A global genetic analysis of nematode spliced leader trans-splicing.

Nematode worms are one of the most successful groups of animals in terms of absolute biomass and the occupation of a diverse range of habitats. The majority of nematodes are free-living, feeding on microorganisms, but a significant number are parasites of animals or plants. Nematode parasites of humans make a substantial contribution to the global burden of disease, with a handful of nematode species annually accounting for some 46 million disability adjusted life years (DALYs), and plant parasites are responsible for global crop losses estimated at $100 billion each year. Although there are some effective treatments for these parasites, increases in the number and distribution of strains that are resistant to these drugs mean that there is a need to develop new therapeutic treatments. Ideal targets for the development of new therapeutics would be molecules and processes that are found only in nematodes, but are absent from the animals and plants that they infect. Ideally the therapeutic target would be one that is found in all nematodes enabling the development of a drug active against a broad range of nematode infections. One such process is spliced leader trans-splicing, which is an essential part of the way that genes are expressed in nematodes. While we have a good understanding of the main events in this process there have been no systematic investigations into the molecules that are involved. We have identified a new experimental approach to investigate this process in the major experimental system used to study nematode biology, C. elegans. Using this system, we have shown for the first time that is possible to visualise, through changes in the expression of a fluorescent protein, alterations in spliced leader trans-splicing in living animals. We will use this breakthrough to better understand sliced leader trans-splicing, and thereby improve the knowledge upon which the development of new anthelmintic drugs depends.

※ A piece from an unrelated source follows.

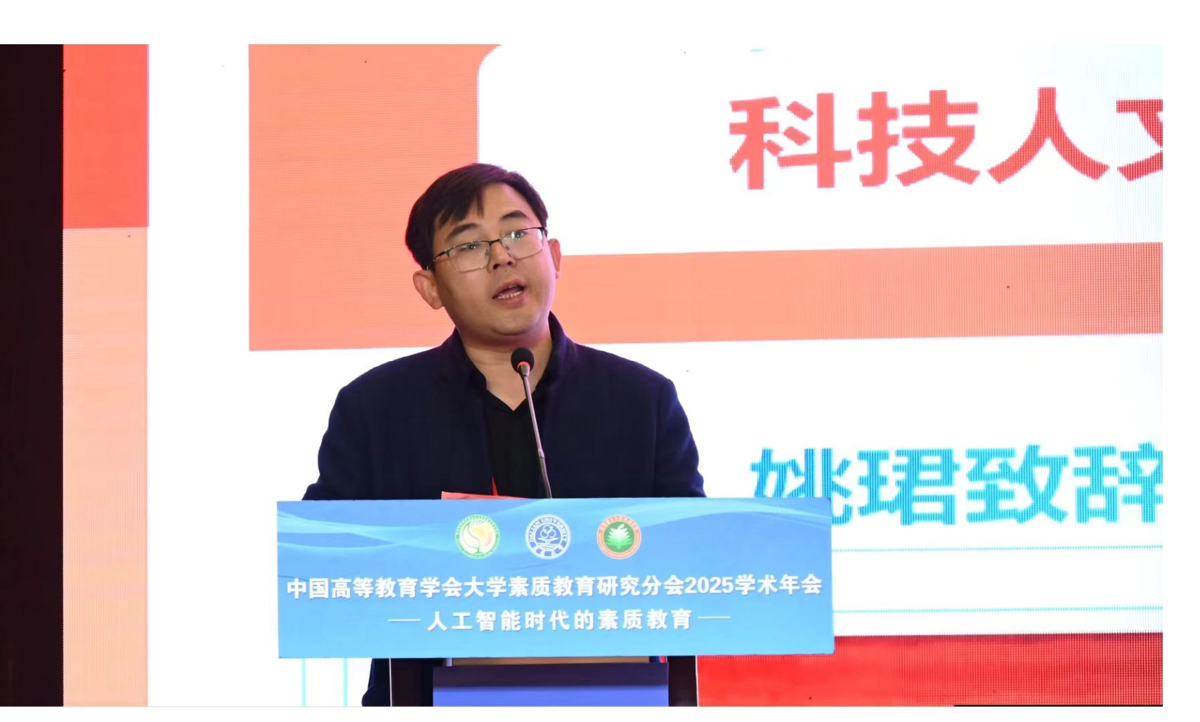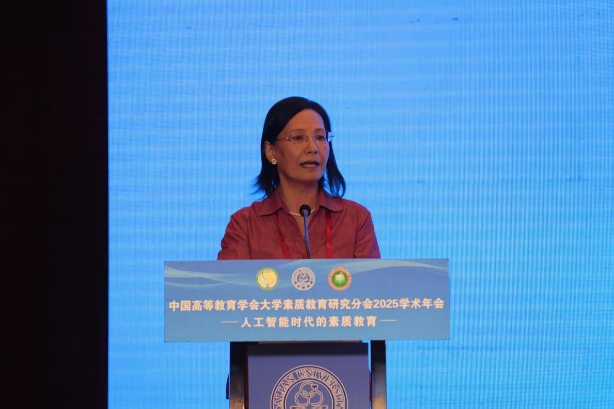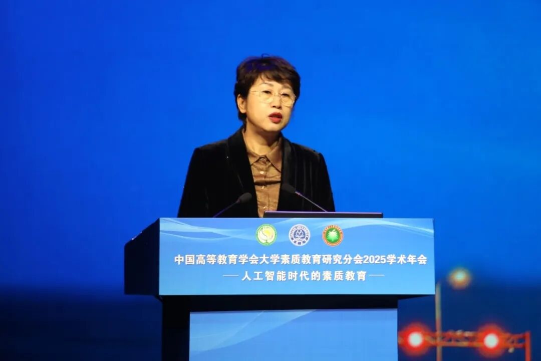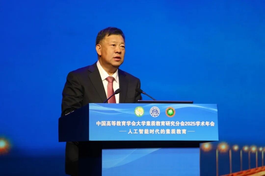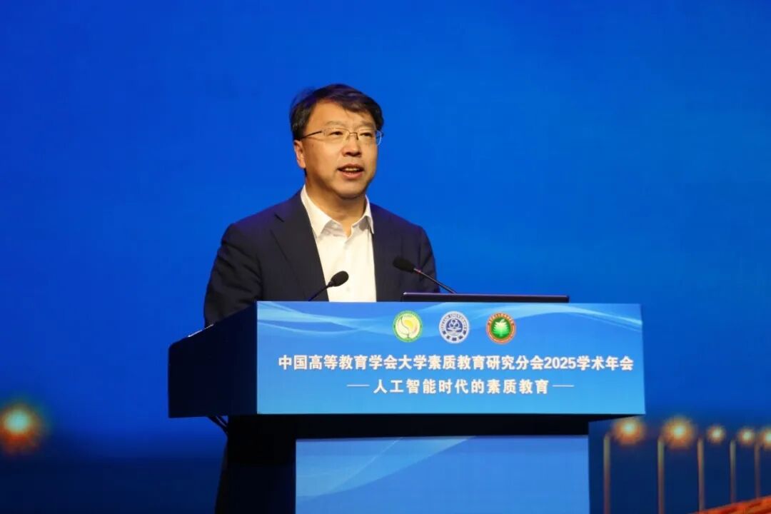 姜治莹在致辞中表示,习近平总书记在全国教育大会上的讲话为建设教育强国指明了前进的方向、提供了根本遵循。2025年8月,国务院印发了《关于深入实施“人工智能+”行动的意见》,本次年会正值实施文化素质教育30周年,以“人工智能时代的素质教育”为主题,恰逢其时、意义深远,是学习贯彻落实全国教育大会精神、助推教育强国建设的一项重要举措。他充分肯定了大学素质教育研究分会的工作,多年以来一直推动并引领着大学素质教育的理论研究与实践探索,希望大家通过会议研讨以更加开放的胸襟、更加系统的思维、更加务实的行动,持续推动人工智能时代素质教育创新发展,为构建高质量教育体系,实现教育现代化和民族复兴做出新的更大的贡献。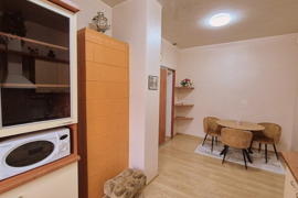 Dušo kabina, Plastikiniai vamzdžiai, Skalbimo mašina, Su baldais, Šaldytuvas, Viryklė, Virtuvės komplektas

Spliced leader trans-splicing is an essential, but poorly understood process that occurs in many eukaryotes, including those that are major parasites of human, animals and plants. Arguably the organism in which spliced leader trans-splicing is best understood is C. elegans and work in this system underpins much of our current understanding of this process. Despite the fact that the basic steps in spliced leader trans-splicing are known, how these steps are achieved at the molecular level is not understood. To address this we have recently developed a novel, sensitive screening strategy that allows us, for the first time in any experimental system, to visualise loss of spliced leader trans-splicing in vivo. Importantly, we have validated our assay by showing that it is able to detect sub-lethal defects in this process, and have used this assay to show the involvement of three proteins previously implicated in in vitro experiments. The experiments outlined in this proposal build upon this work and aim to carry out the first comprehensive, genome-wide survey of the genes involved in spliced leader trans-splicing. Using our combined expertise in C. elegans genetics and the biochemistry of protein-RNA complexes we will characterise the components we identify and so obtain a better understanding of this process. Given that spliced leader trans-splicing is found in most, if not all, nematodes that affect human and animal health, as well as crop yields, it is likely our findings will ultimately have an impact in these areas of healthcare and food security.

The main beneficiaries of the proposed research would be those individuals and organisations that are focussed upon combating nematodes parasites that affect humans and the animals and plants that are important for human health and well-being. Our research has the potential to identify novel therapeutic targets that would be of interest to pharmaceutical companies, or charitable foundations with an interest in treating neglected tropical diseases. Moreover, the system that we have developed to screen for molecules involved in spliced leader trans-splicing can be readily adapted into an automated, high-throughput screening system to identify chemical inhibitors of spliced leader trans-splicing that could serve as the basis of novel therapeutics, which would have application in the treatment of a broad range of nematode infections of human, animal and plants. Again, there may be commercial interests that would benefit from this knowledge.

The research postholder will also benefit through the training associated with the research position, and through the networking and skills obtained through our collaboration with Professor Blumenthal's laboratory at the University of Colorado.

The wider UK community will potentially benefit from the project, since it is likely to significantly improve our understanding of a fundamental and essential process that is specific to nematode biology. Given the importance of nematodes in terms of global public and animal health, economics and food security, applications of the research offer long-term benefits in terms of new treatments and control measures for nematode diseases.

The wider community (including school children, teachers and the local farming community) will also benefit from initiatives to discuss, and in some cases participate, in the proposed research, and gain an understanding of how the research outcomes could affect them.